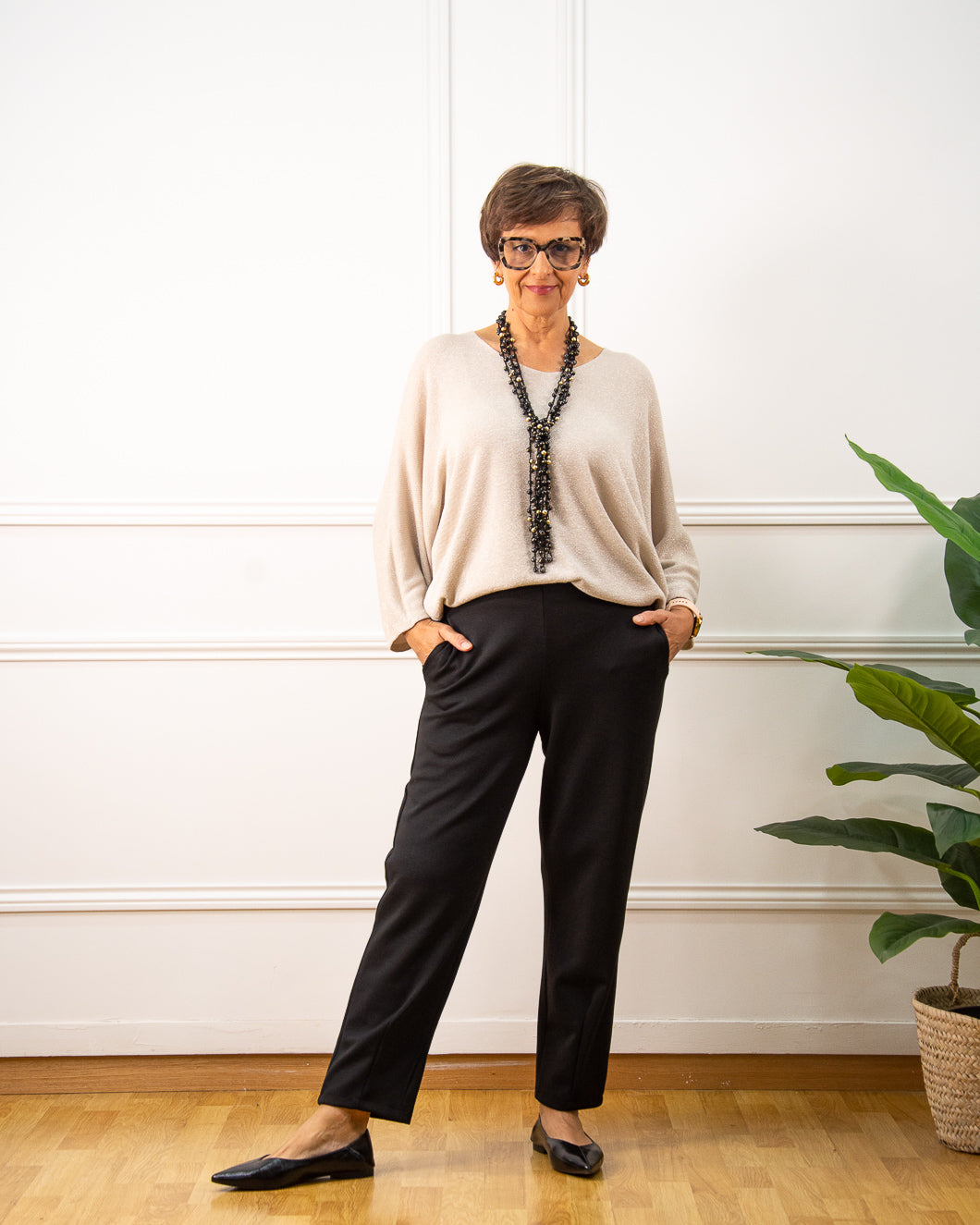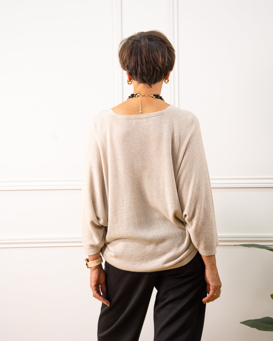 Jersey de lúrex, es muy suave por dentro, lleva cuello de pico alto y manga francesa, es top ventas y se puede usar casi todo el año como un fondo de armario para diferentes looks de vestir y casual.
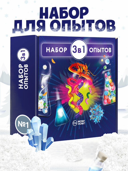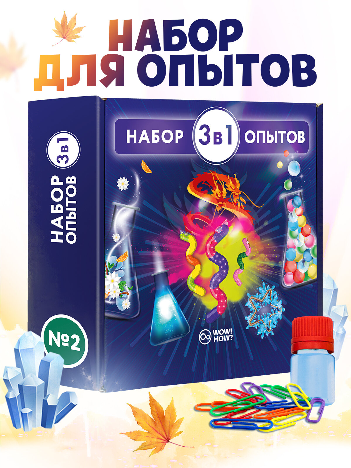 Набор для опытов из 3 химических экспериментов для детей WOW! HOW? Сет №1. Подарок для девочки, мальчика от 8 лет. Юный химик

—————

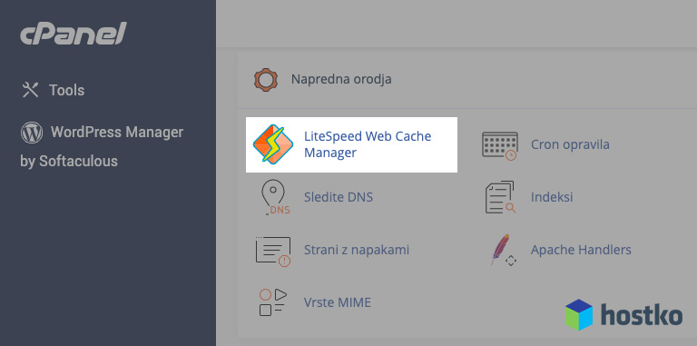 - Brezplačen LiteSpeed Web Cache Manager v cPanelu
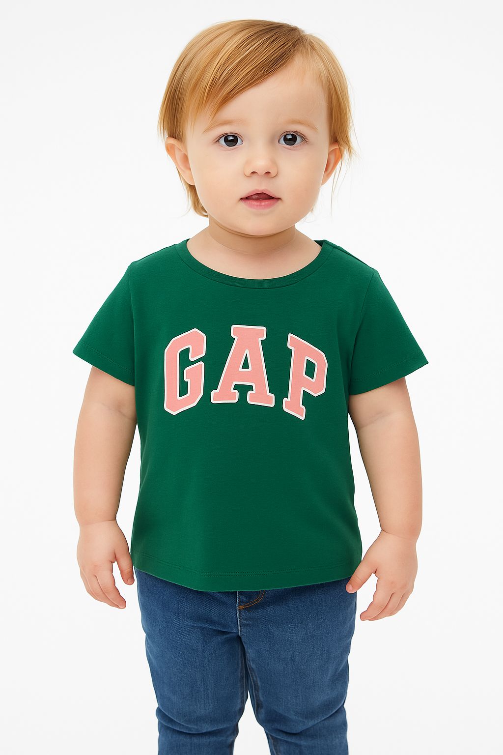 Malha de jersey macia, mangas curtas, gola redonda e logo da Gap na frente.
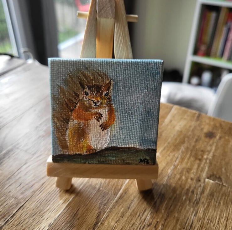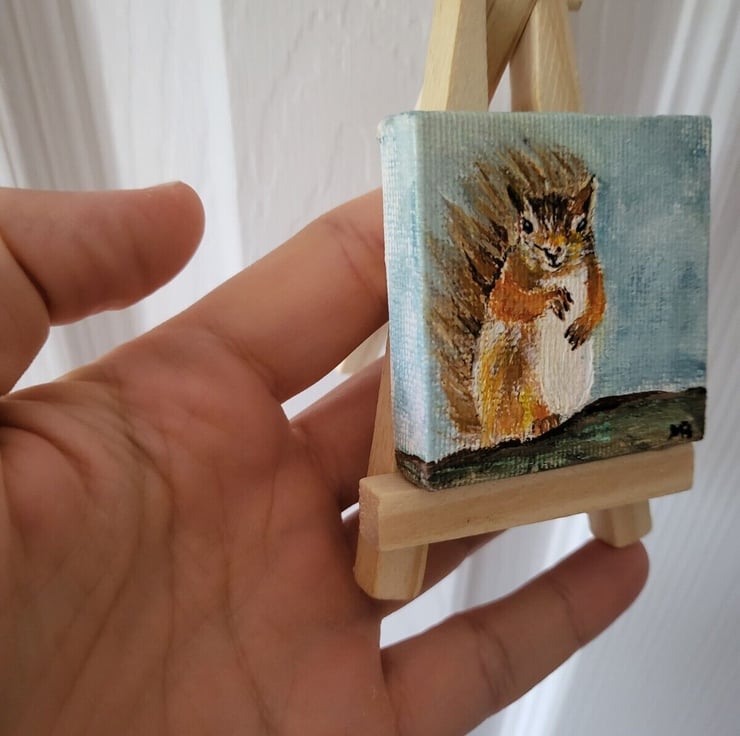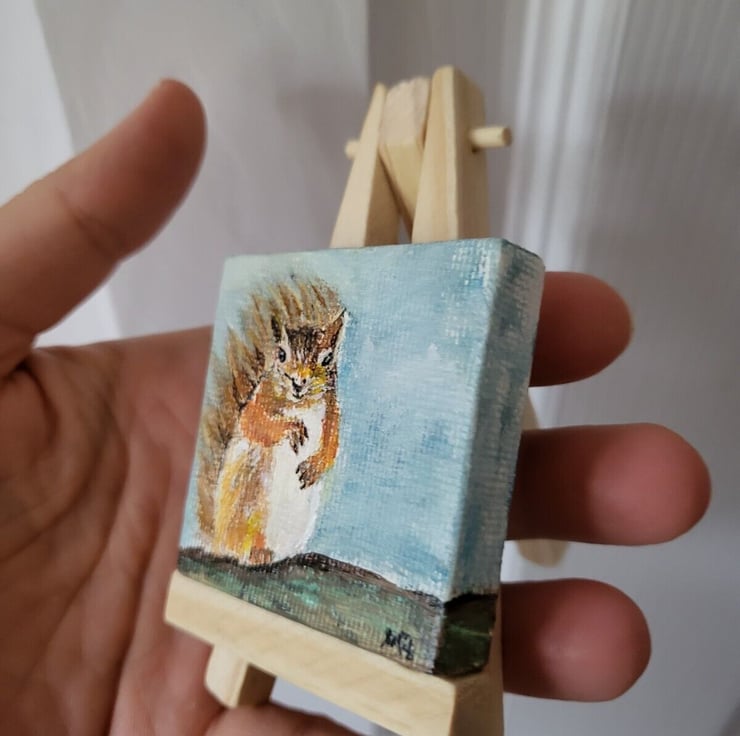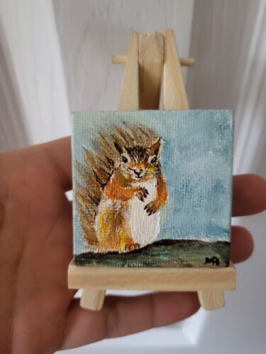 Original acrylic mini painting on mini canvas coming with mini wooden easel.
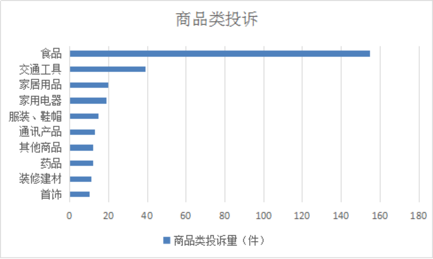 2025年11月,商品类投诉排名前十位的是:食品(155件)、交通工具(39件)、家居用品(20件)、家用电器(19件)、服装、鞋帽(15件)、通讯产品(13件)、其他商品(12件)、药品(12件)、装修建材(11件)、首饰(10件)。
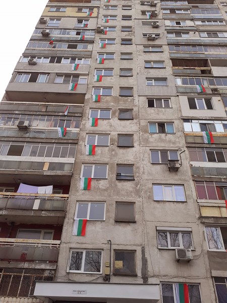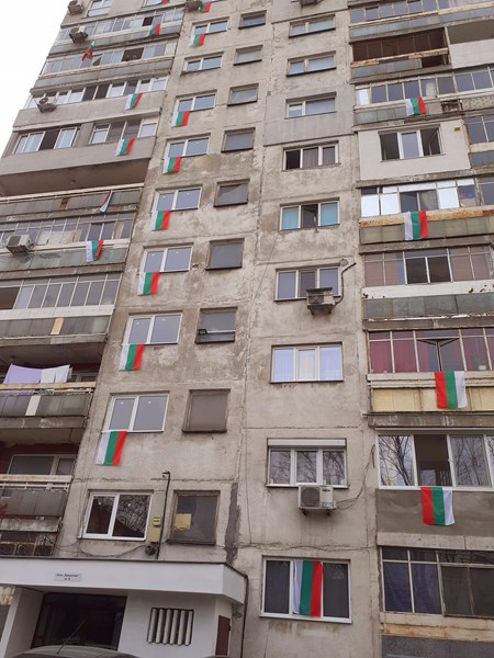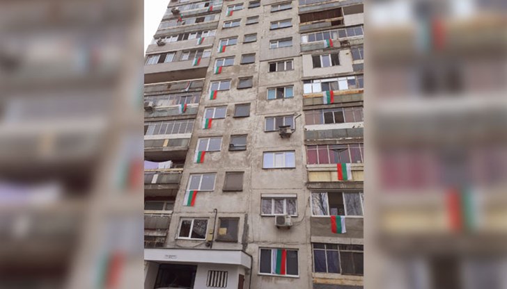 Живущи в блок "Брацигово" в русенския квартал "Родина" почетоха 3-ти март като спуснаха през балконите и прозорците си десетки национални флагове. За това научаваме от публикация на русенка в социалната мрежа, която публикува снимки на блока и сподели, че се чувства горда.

—————

GOAL OF THE EXERCISE:
When you reach the line that has "- Brezplačen LiteSpeed" in the data above, start repeating lines exactly, and stop after the line that has "Живущи в блок"; pictures stay out.

EXERCISE RESULT:
 - Brezplačen LiteSpeed Web Cache Manager v cPanelu
 Malha de jersey macia, mangas curtas, gola redonda e logo da Gap na frente.
 Original acrylic mini painting on mini canvas coming with mini wooden easel.
 2025年11月,商品类投诉排名前十位的是:食品(155件)、交通工具(39件)、家居用品(20件)、家用电器(19件)、服装、鞋帽(15件)、通讯产品(13件)、其他商品(12件)、药品(12件)、装修建材(11件)、首饰(10件)。
 Живущи в блок "Брацигово" в русенския квартал "Родина" почетоха 3-ти март като спуснаха през балконите и прозорците си десетки национални флагове. За това научаваме от публикация на русенка в социалната мрежа, която публикува снимки на блока и сподели, че се чувства горда.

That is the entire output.